# Frequency of attending church or lack there of



## j_seph (Jan 23, 2017)

Just curious how many here attend and worship together in church and frequency of.


----------



## NE GA Pappy (Jan 23, 2017)

not a place for me to check.  I don't go every time the doors are open, but I go more than just Sunday mornings.  

Our church has at least 3 services on Sunday, and some days, like yesterday we had 5 services.


----------



## hummerpoo (Jan 23, 2017)

This survey brings to mind a conversation I had several years ago with an SBC pastor on the occasion of his 6th, and last, time retiring from the ministry.  He told me that he recalled a time when two pastors in conversation would not ask "How many did you have in Worship Service last Sunday?" but would ask "How many do you have regularly attending Sunday School?" (He was referencing the mid-twentieth century).  He obviously felt that what had been a better perspective in the ministry had been lost.


----------



## Israel (Jan 24, 2017)

I would recommend a few episodes, if inclined, of Leah Remini's show regarding Scientology. There's some insight into the religious mindset that might not be lost on a seeker.
This is where I now find a particular piquing and am lost as to a response beyond relating the things I see in it.
There's one episode (I caught a few in no particular order) where sometime in (I believe) the 90's they had "won" their fight to be recognized by the government as a religion, and as such, in addition to the "legitimacy" were accorded 501c3 status. In the episode it shows a gathering/assembly/meeting with much hoopla "We Won!".

I think some of you see a dilemma. Not merely with anything regarding Scientology...but what is "arranged"...established, submitted 'under' for approval of the government. No, I am not a christian anarchist, at least in what some might think is a mind seeing an issue here. But how can a gathering of what is "not of this world" be established under an approval of its being of what is?

I know some of the arguments, but the ones I know are facile, at best. The most transparent of all is probably going to be mentioned.
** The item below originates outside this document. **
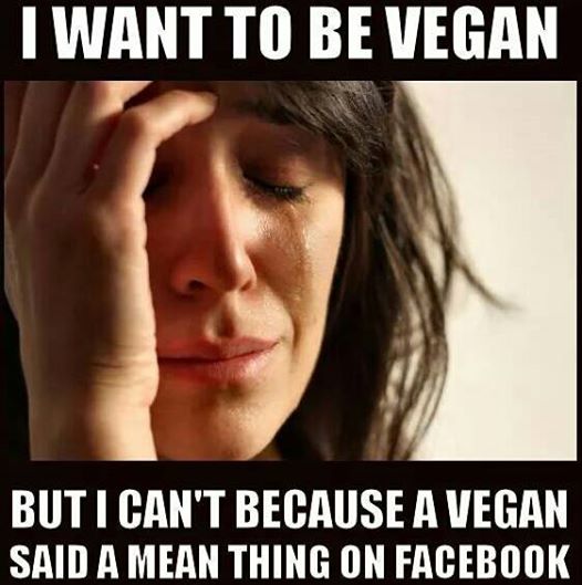 - Einfältige Veganer fallen darauf herein und posaunen überall herum, dass man mit den Omnivoren und Vegetariern keinesfalls Klartext reden dürfe, da es diese ja abschrecken könne, vegan zu werden. (Dies kommt natürlich der Bequemlichkeit und/oder der Feigheit der Kuschelveganer zugute, denn eventuellen Konfrontationen gehen sie so aus dem Weg.)

A man has a vision (he believes) or calling (he believes) or direction of the Lord (he believes), calling him to "ministry" or establish a church. He then goes about doing what he sees all (or most) others have done for expediency's sake. He gets the paperwork in order, finds a meeting place, sets up shop and hangs out a sign. (Consider this already done by the "larger" institutions) We are legit! 
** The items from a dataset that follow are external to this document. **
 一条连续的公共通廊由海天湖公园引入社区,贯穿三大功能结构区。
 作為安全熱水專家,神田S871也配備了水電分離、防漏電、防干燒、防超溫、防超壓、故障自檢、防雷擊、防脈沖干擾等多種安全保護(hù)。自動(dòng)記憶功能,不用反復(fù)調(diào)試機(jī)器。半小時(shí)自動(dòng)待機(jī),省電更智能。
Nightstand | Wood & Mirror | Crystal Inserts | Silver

And then folks seeking Jesus Christ in whatever manner, or fellowship (after whatever manner) are called by a sign that, to one measure or another declares His name, His gathering place, the "church". The gathering of the "called out".

I know there be lords many, and gods many...but is there any particular malignity in seeking to declare the Lord's name under what is fully submitted to what is not the Lord's name (let the reader discern) for approval, legitimacy...the "right" to function?

Constantine was, and was therefore a necessary constitution of experience to which the seeker is exposed in the truth of his seeking. The legitimizing of a something to this world.


Yet, I find the faith of the Son of God quite different.


----------



## GAGE (Jan 24, 2017)

My family and I just started attending Athens Church. We first went on Christmas Eve and have been back twice since, as   I really enjoy the music and atmosphere there. I do not plan on going every weekend, but maybe twice a month as deer camp is always calling.


----------



## j_seph (Jan 24, 2017)

GAGE said:


> My family and I just started attending Athens Church. We first went on Christmas Eve and have been back twice since, as   I really enjoy the music and atmosphere there. I do not plan on going every weekend, but maybe twice a month as deer camp is always calling.


Glad you found a church and are attending some as well. Myself I go Wed, Sunday morning and evening services. That little boost on Wed has been very refreshing. I tried skipping the Wed night service a few times when I started at our church, 3 times I skipped to do something I wanted but did not need to do. All 3 times what I wanted to do flopped and went belly up. I looked up and said Lord, I understand. I have only been back into church for 2 years, and many years before that it was only once a week. I do have to say life has been better since I have gotten myself back to where I should be and worshiping him more.


----------



## Ronnie T (Jan 24, 2017)

I would encourage any person to only gather with other Christians when you want to. And then God will see your heart. Dont just enjoy the music......worship God thru it.
Shake some hands. Search each prayer. Make some friends.


----------



## gordon 2 (Jan 26, 2017)

Israel said:


> I would recommend a few episodes, if inclined, of Leah Remini's show regarding Scientology. There's some insight into the religious mindset that might not be lost on a seeker.
> This is where I now find a particular piquing and am lost as to a response beyond relating the things I see in it.
> There's one episode (I caught a few in no particular order) where sometime in (I believe) the 90's they had "won" their fight to be recognized by the government as a religion, and as such, in addition to the "legitimacy" were accorded 501c3 status. In the episode it shows a gathering/assembly/meeting with much hoopla "We Won!".
> 
> ...



So you know what the church is and what it is not?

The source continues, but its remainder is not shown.